1. RemoveRelations() - that implements DROP TABLE, DROP INDEX, DROP SEQUENCE, DROP VIEW, DROP MATERIALIZED VIEW, DROP FOREIGN TABLE. Actually it's only a wrapper for performMultipleDeletions() that lives in src/backend/catalog/dependency.c And again it's not any relation, TOAST TABLE and RELKIND_COMPOSITE_TYPE are hendled somewhere else. Toast tables cannot be deleted directly and Composite type use DROP TYPE instead of DROP relation. See ExecDropStmt().
2. ExecuteTruncate() - does all work on rel truncation, can perform MVCC-unsafe truncation heap_truncate_one_rel()
3. copy_relation_data() - copy physical file, block by block, when tablespase has been changed. TODO replace it closer to storage management.
|vacuum.c||The postgres vacuum cleaner.
This file now includes only control and dispatch code for VACUUM and ANALYZE commands. Regular VACUUM is implemented in vacuumlazy.c, ANALYZE in analyze.c, and VACUUM FULL is a variant of CLUSTER, handled in cluster.c. Also here lives vac_truncate_clog() that after a number of check calls TruncateCLOG, TruncateCommitTs, TruncateMultiXact.
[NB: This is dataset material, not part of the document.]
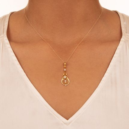 Shades of white--and gold. Delightfully delicate, this Art Nouveau pendant, its shape evocative of a 12th-century stringed instrument, is lightly crafted in 10K gold and is decorated with two freeform freshwater pearls, a single seed pearl, shimmering white enamel, and a white opal that glows with vibrant hues of green and orange. Lovely indeed. Hand fabricated, it suspends from a 16 1/2-inch chain.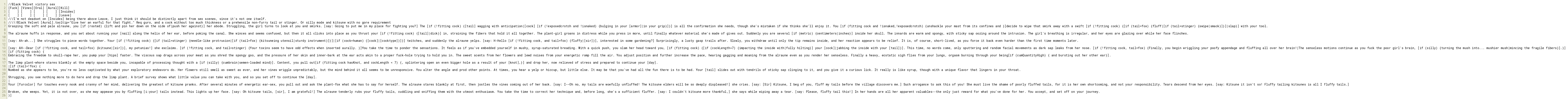 [say: AH--Dear [if (!fitting cock, and tail=fox) {kitsune|[sir]}], my petunias!] she exclaims. [if (!fitting cock, and tail=stinger) {Your toxins seem to have odd effects when inserted aurally. }]You take the time to ponder the sensations. It feels as if you've embedded yourself in mushy, syrup-saturated breading. With a quick push, you slam her head toward you, [if (fitting cock) {[if (cockLength>7) {impacting the inside with|fully hilting}] your [cock]|jabbing the inside with your [tail]}]. This time, no words come, only sputtering and random facial movements as dark sap leaks from her nose. [if (!fitting cock, tail=fox) {Finally, you begin wriggling your poofy appendage and fluffing all over her brain!|The senseless motions continue as you fuck the poor girl's brain, [if (silly) {turning the mush into... mushier mush|mincing the fragile fibers}].}]

|vacuumlazy.c||Concurrent ("lazy") vacuuming.
lazy_scan_heap() and lazy_vacuum_heap() should rather call interface functions of heapam (like lazy_vacuum_index() does), instead of having full heap-specific code in this file. As well as lazy_vacuum_page(), lazy_check_needs_freeze(), count_nondeletable_pages(), heap_page_is_all_visible().